As the emotionally charged national debate over immigration roils communities across the United States, the much-reported movement of thousands of undocumented children across the U.S.-Mexican border into this country has become the latest flash point of discussion.

While the children’s attempts to reunite with family members in the United States has garnered much attention and opened a new subject for discourse, another example of divided immigrant families, working through legal immigration, has been largely overshadowed.

Since October 1, 2013, some 57,000 children, mostly from Honduras, El Salvador and Guatemala, have made their way from their countries — all of which are plagued by drug-trade-fueled violence — through Mexico and illegally into the United States in an attempt to reunite with relatives here. Most of the children have been caught by U.S. authorities and are being housed in temporary emergency shelters, pending a determination of their status. Several of the emergency shelters are in Texas, which has become immigration’s ground zero for these children from Central America.

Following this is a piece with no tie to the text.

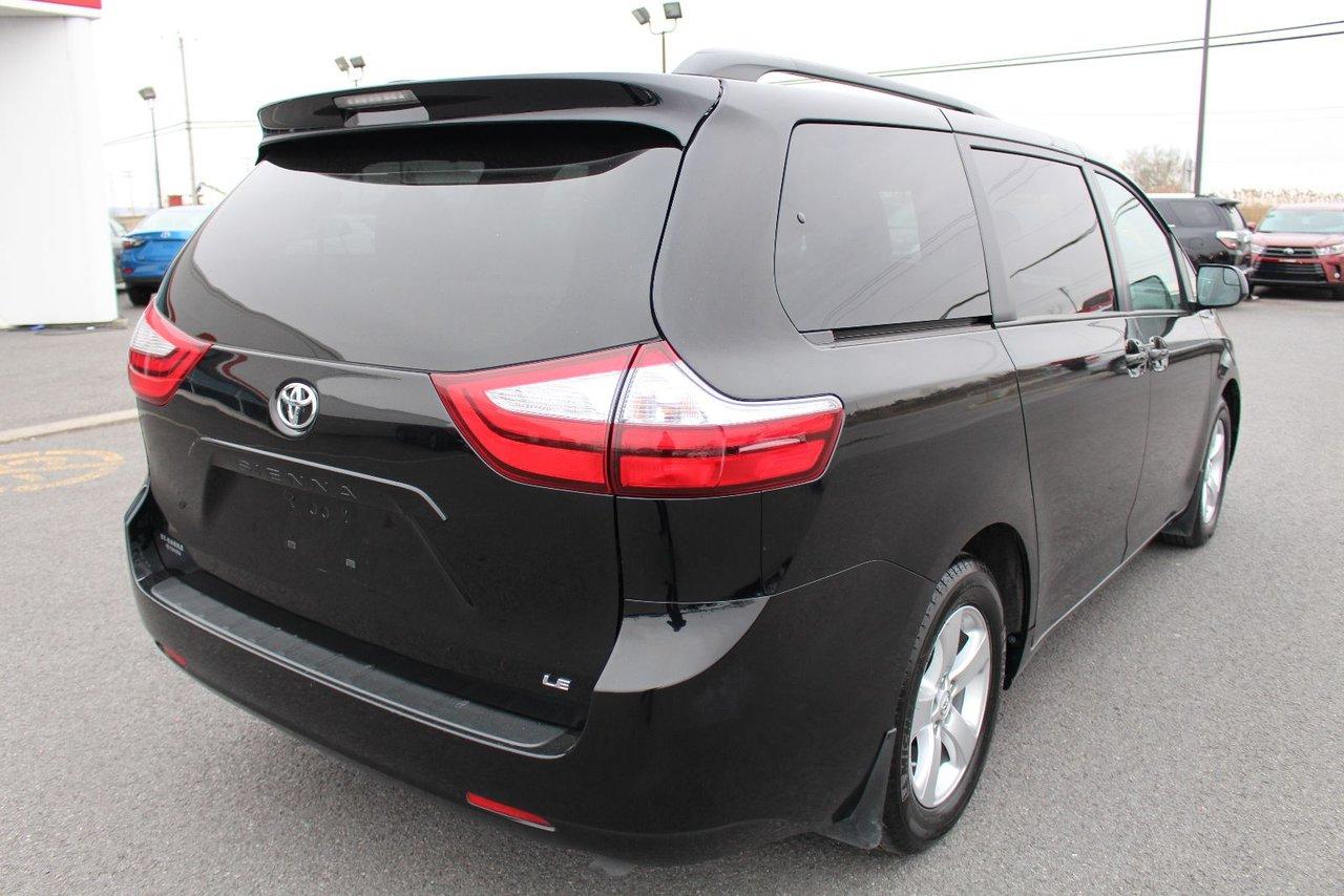 Toyota Sienna Le V6 8passagers Bluetooth Caméra Recul Siège 2016\n\nRégulateur de vitesse, Essuie-glaces intermittents, Essuie-glace arrière, Anti-démarreur, Freins ABS, Contrôle de stabilité, Coussin gonflable conducteur, Coussins gonflables latéraux, Lecteur CD, Lecteur MP3, 6 Haut-parleurs, Portes électriques, Tachymètre, Vitres électriques, Air climatisé, Climatisation deux zones, Commandes audio au volant, Sièges arrières rabattables, Sièges chauffants, Volant ajustable, Tapis protecteurs, Caméra de recul, Radio AM/FM, Rétroviseurs, Phares automatiques, Rétroviseur électrique, Direction assistée, Télédéverrouillage, Sièges de troisième rangée, Rétroviseurs chauffants, Banquette arrière divisé, Siège à réglage électrique, Coussins gonflables arrière pour la tête, Sièges tissu, Siège conducteur - soutien lombaire, Freins à disque, Sièges chauffants - Avant, Rétroviseurs électriques, Jantes en alliage, Antipatinage, Verrous de sécurité pour enfants, Système de surveillance de la pression des pneus, Sièges baquets, Prise Auxiliaire, Technologie Bluetooth intégrée, Port USB, Climatiseur automatique, Climatisation arrière, Rétroviseur à atténuation automatique, Aluminium, Climatisation\n\nTOYOTA SIENNA LE 2016 V6 3.5L 8 PASSAGERS BLUETOOTH, CONTROLES AUDIO AU VOLANT, GROUPE ÉLECTRIQUE, CLIMATISEUR, RÉGULATEUR DE VITESSE, MIROIRS CHAUFFANT, CAMÉRA DE RECUL. JAMAIS ACCIDENTÉ, FICHE D'ENTRETIEN COMPLÈTE. INSPECTION AVEC RAPPORT DE CONDITION POUR TOUT NOS VÉHICULES USAGÉS. CARPROOF ACCESSIBLE DIRECTEMENT VIA NOS ANNONCES. GARANTIE PROLONGÉE DISPONIBLE. LA MEILLEUR ALLOCATION POUR VOTRE ÉCHANGE. TOUTES LES MARQUES DISPONIBLES. ÉCONOMISEZ PLUS AVEC ST-BASILE TOYOTA, VOTRE CONCESSIONAIRE DE LA RIVE-SUD DE MONTRÉAL. FINANCEMENT FACILE ET CRÉDIT SUR PLACE. 2e CHANCE AU CRÉDIT DISPONIBLE. SITUÉ EN ABORD DE LA ROUTE 116, ENTRE BELOEIL ET ST-BRUNO, VENEZ NOUS VOIR OU VISITEZ LE: WWW.STBASILETOYOTA.COM

And Texas is also is the hub of another phenomenon caused by immigration — the significant number of people who have entered the United States legally with an H-1B visa to work, but whose spouses have not been permitted to join them. The federal government grants 85,000 H-1B visas per year to highly skilled workers from overseas. Most work in the technology sector, with 70 percent in computer technology alone. Twenty thousand of the annual H-1B visas are reserved for immigrants with advanced degrees from U.S. universities and colleges.

Many of the spouses of H-1B visa workers are also well-educated, but no matter their credentials, they are not automatically permitted to accompany their spouses into the United States. Of those H-1B visa workers in computer technology, 26 percent of the men and 76 percent of the women are married, but in 2013, only half of the eligible spouses joined these workers in this country.

These statistics do not even account for the children of H-1B visa workers who have been left behind in India and other countries.

Spousal separation adds yet another dimension to the debate over immigration that policymakers Washington may have to address.